The plaintiff seeks to prosecute this case as a class action on behalf of all flight hostesses terminated by Western because of pregnancy from July 2, 1965 (the effective date of the statute) to December 31, 1968 (the eve of the effective date of the above-mentioned policy change). It appears that there are twenty-three members of this proposed class (including the plaintiff but not including three individuals that have been rehired by Western) located throughout the United States.

Section 2000e-5(d) requires that, as a condition precedent to bringing an action charging discriminatory employment practices, the aggrieved person must file a charge with the Equal Employment Opportunities Commission within ninety days following the occurrence of the activity complained of, in order that the Commission might have an opportunity to obtain the elimination of such practice through persuasion. The plaintiff filed a timely charge with the Commission; the other members of the proposed class (or most of them) did not.

It seems apparent that the members of the proposed class that failed to file timely charges with the Commission would not have standing to bring and prosecute their own actions in a United States District Court. The question arises as to whether or not a class action may be used to recreate and provide remedies for people that otherwise had permanently lost them through their own inaction.

This court is mindful of decisions to the effect that if the plaintiff in a class action files a timely EEOC charge, it is not necessary for all of the other proposed class members similarly situated to file similar charges. Bowe v. Colgate Palmolive Co., 416 F.2d 711 (7th Cir. 1969); Oatis v. Crown Zellerbach Corp., 398 F.2d 496 (5th Cir. 1968). Those decisions referred to the purpose of requiring the EEOC charge, namely to provide notice to the accused and an opportunity for a conciliatory solution. “It would be wasteful, if not in vain, for numerous employees, all with the same grievance, to have to process many identical complaints with the EEOC.” Oatis, supra, at 498.

However, those cases dealt with continuing violations of rights of current employees of the defendants. At the time the charge was filed upon which the subsequent action ■ was based, each of the proposed class members still could have filed a charge on his own behalf.

Unlike the situation in Bowe and Oatis, at the time the named plaintiff made her charge, the proposed members of the class here concerned could no longer file timely charges of their own, because the ninety-day period had expired.

The reasons for such failure to act are presumably varied. Some of the individuals may not have been interested in *537further employment; others may have inadvertently slept on their rights. But in any event, they had lost the opportunity to sue the defendant under the statute (42 U.S.C. § 2000e-5(d)). With the passage of time, the defendant may reasonably have concluded that its potential liability to these former stewardesses had terminated. To resurrect numerous causes of action at the expense of the integrity of time limitations would foster an open-ended liability not anticipated by the defendant or provided for by the language of the statute.

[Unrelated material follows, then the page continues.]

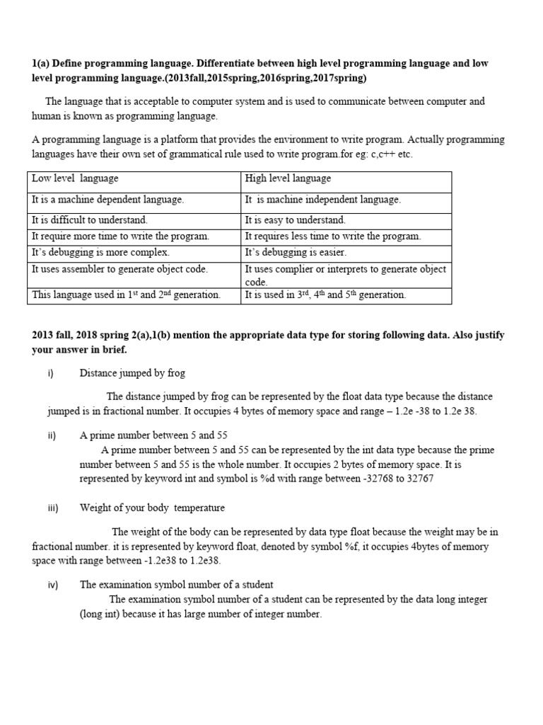 2013 fall, 2018 spring 2(a),1(b) mention the appropriate data type for storing following data. Also justify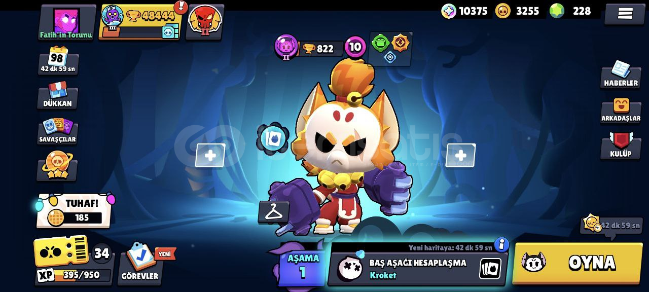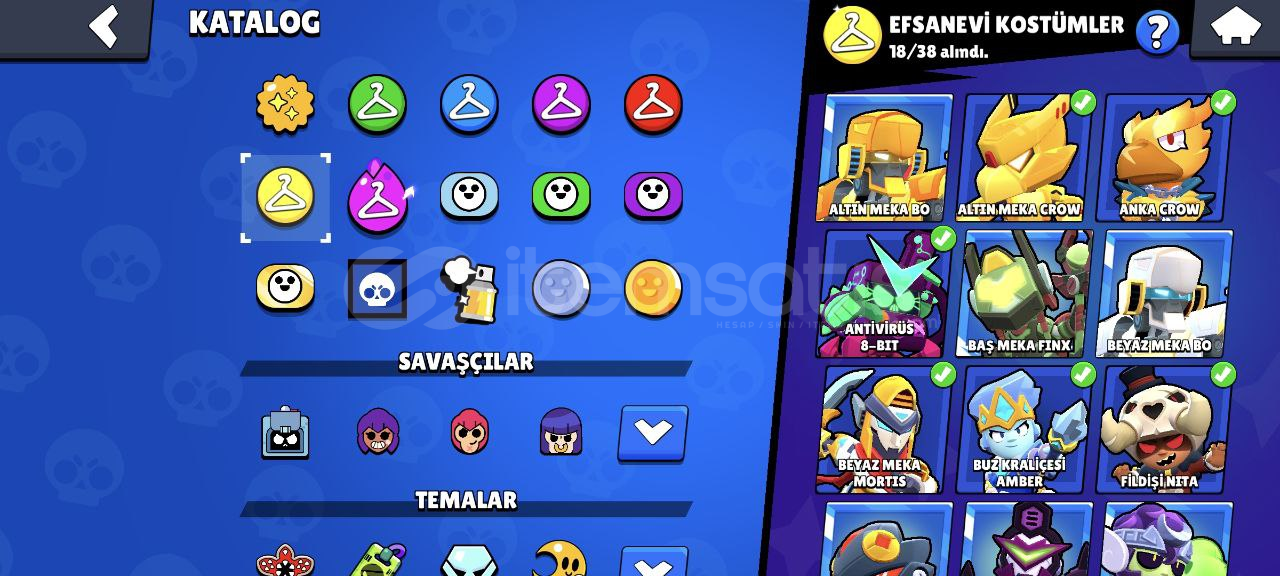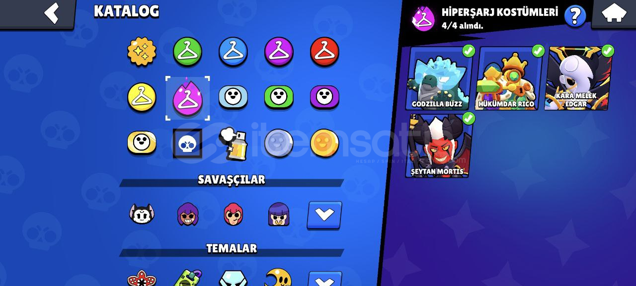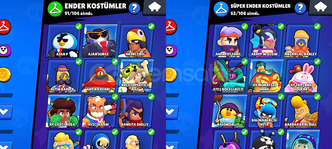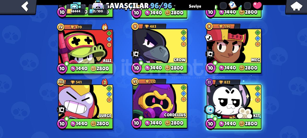 Hesap Özellikleri:96/96 Karakter, Hepsi +10 seviye, 48 tanesi 11 seviye!46 Hiperşarj (hepsi kullanılabilir durumda)144/192 Yıldız Gücü157/192 Aksesuar119 Eşya 91 Ender kostüm63 Süper ender kostüm101 Destansı kostüm10 Gizemli kostüm18 Efsanevi kostüm4 Hiperşarş kostümü (Şeytan Mortis ve Kara Melek Edgar'da aralarında var.)Sadece kostümlerin değeri ortalama 30.000 taş yani 3...

As is indicated above, it is the understanding of the court that the number of former stewardesses that could have filed timely EEOC charges at the time the plaintiff did so is insufficient to justify a class action. Pursuant to such understanding, the plaintiff’s motion for the designation of a class is denied. If the plaintiff believes the above expressed assumption to be incorrect, the court would be willing to reconsider the subject motion.